Animal bone, by Lorrain Higby
Freelance archaeologist & Wessex Archaeology
The assemblage comprises 981 fragments of hand-recovered animal bone; the majority of this material is from mid-12th century contexts located within the cloister. Bird bones dominate the assemblage (61% of the total number of identified bones or NISP) and at least thirteen separate species have been identified. Chicken is the dominant species in the assemblage (c.32% NISP) and the remains from the cloisters are almost entirely composed of dressed carcasses. Less common birds include goose, duck, pigeon/dove and a range of wetland species, including teal/garganey, woodcock, plover, grey heron, mute swan and snipe. While these wetland birds do not represent a significant food resource it is clear from historical sources that these particular species were amongst the most highly prized birds served at elite and monastic sites.
Pig is the most common mammalian species (21% NISP) and the second most abundant species after chicken. The available age information indicates a preference for the tender meat from suckling pigs. Sheep bones are also fairly common in the assemblage (11% NISP) and most are lambs just a few months old. Less common mammalian species include cattle, horse, dog and deer. The latter is mostly represented by antler off-cuts from object manufacture.
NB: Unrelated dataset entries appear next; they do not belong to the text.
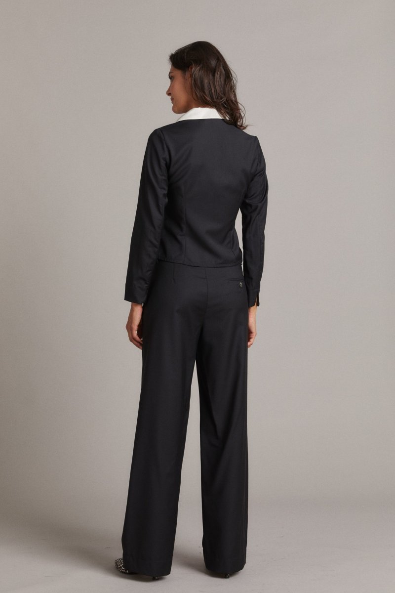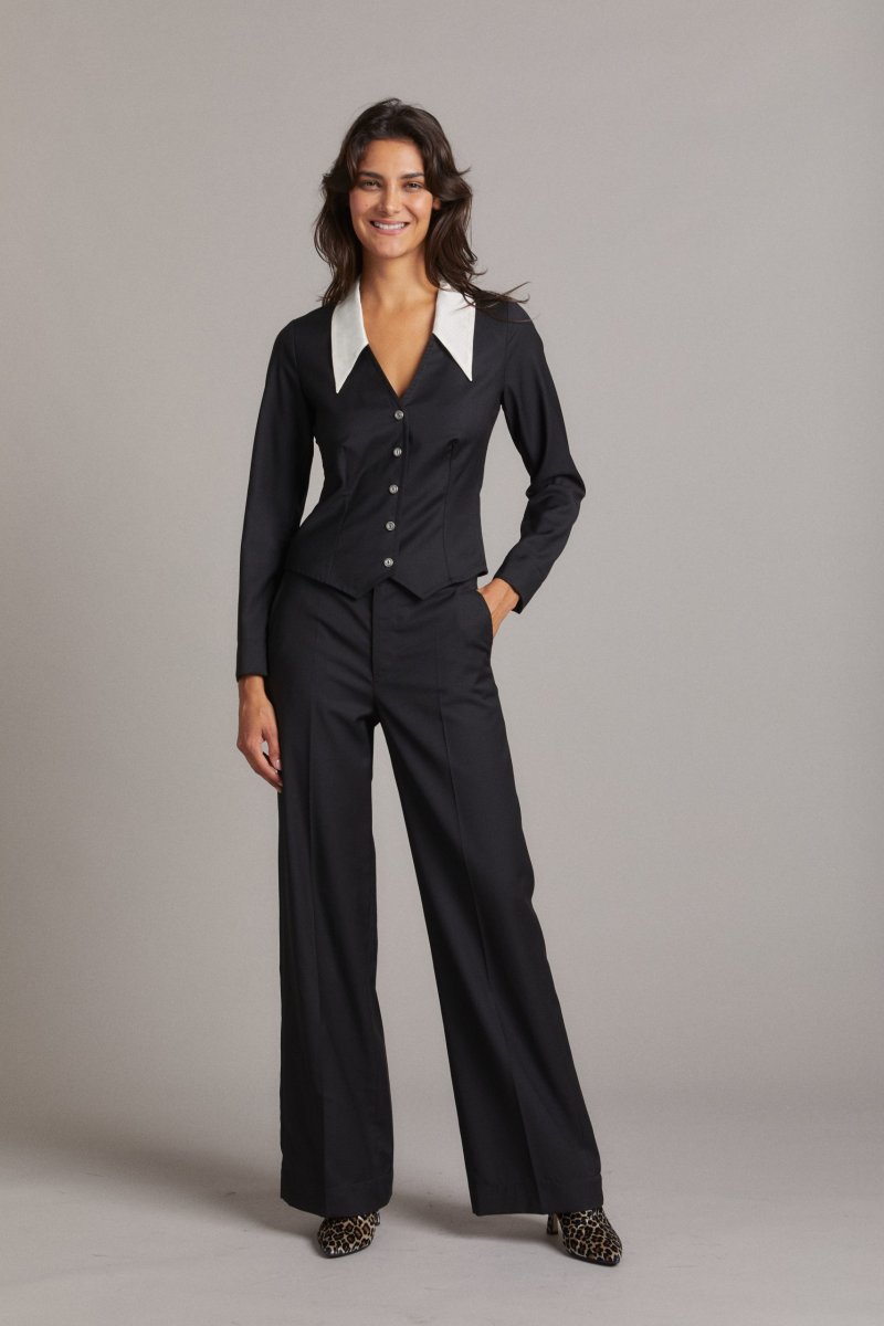 Top Nicole di Carla Saibene, in fresco lana nero jacquarddalla linea leggermente svasata e molto donante. Maniche lunghe con spacchetto, scollo a V e orlo con piccole punte che ricordano un gilet maschile. Il colletto in seta รจ staccabile e reversibile. Questo modello รจ molto versatile, perfetto sia come top che come giacchina corta. Vedi altre varianti 100% lana Colletto in seta reversibile e staccabile Made in Italy Vestibilitร regolare: la modella indossa la taglia 40
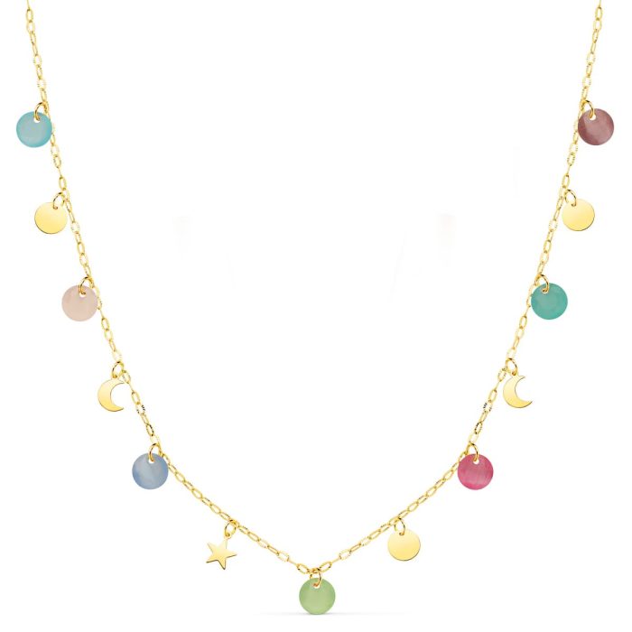 18K GARGANTILLA AMARILLO CHAPAS FORMAS 5 MM Y PIEDRAS 5 MM CADENA FORZADA 45 CM
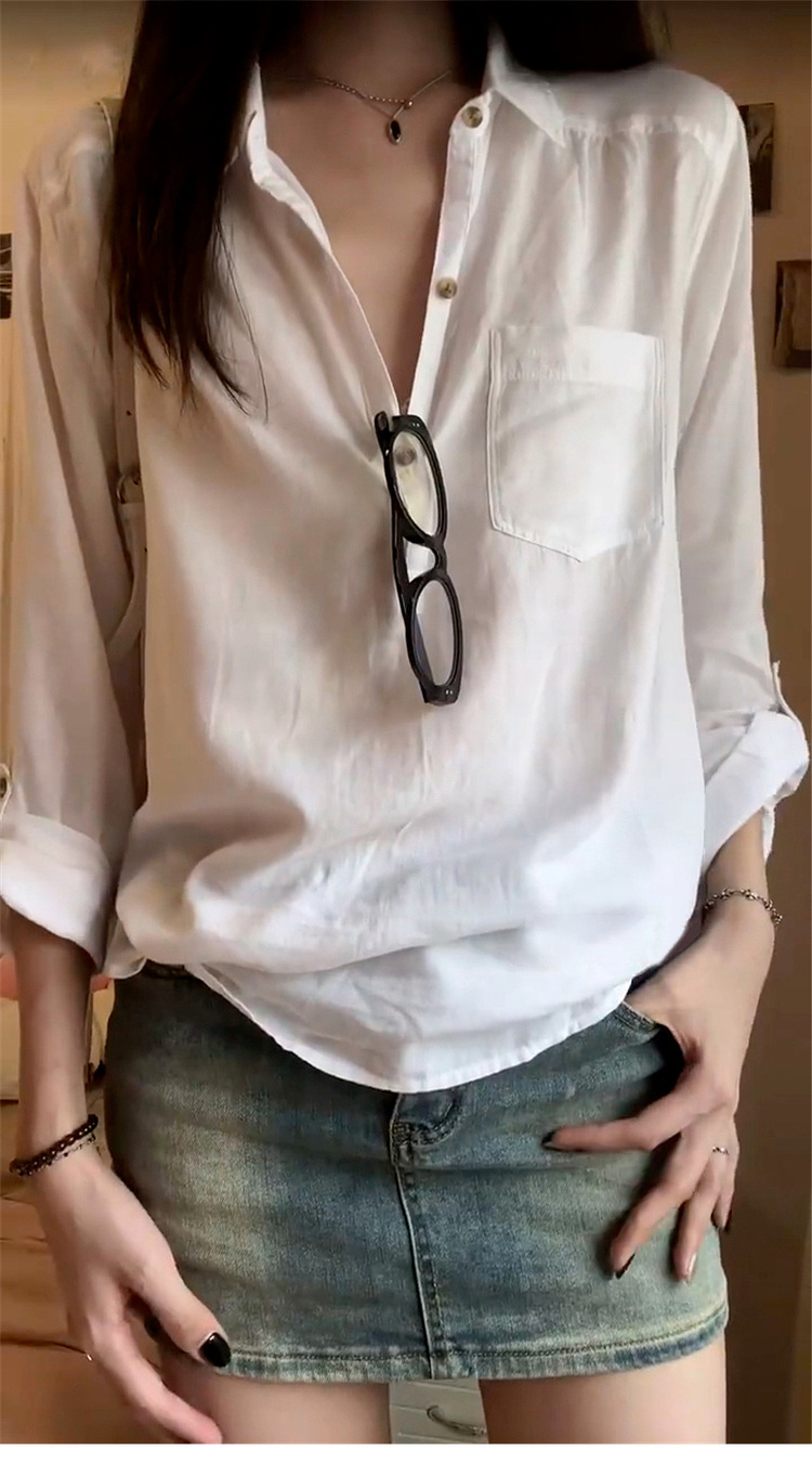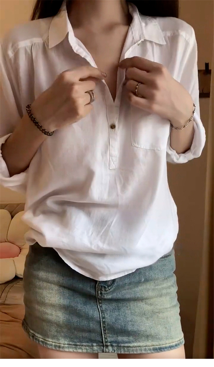 여성을위한 프렌치 화이트 긴팔 자외선 차단 얇은 폴로 셔츠 2025 초가을 새로운 고급 기질 탑 셔츠

The basic pattern of relative importance outlined above, that is an abundance of birds but few mammals, is characteristic of monastic diets and linked to the Rule of religious observance as defined by St Benedict. Following this Rule, fish and the meat of birds was permitted but the meat of quadrupeds was forbidden to all except the sick. The dietary evidence from Glastonbury Abbey suggests that the monks cheated a little to get round these rules by consuming fish- substitutes. These substitutes included animals that were considered to have a similar anatomical, physiological or ecological (i.e. aquatic habit) resemblance to fish and included newborn lambs and piglets from the water environment of the uterus.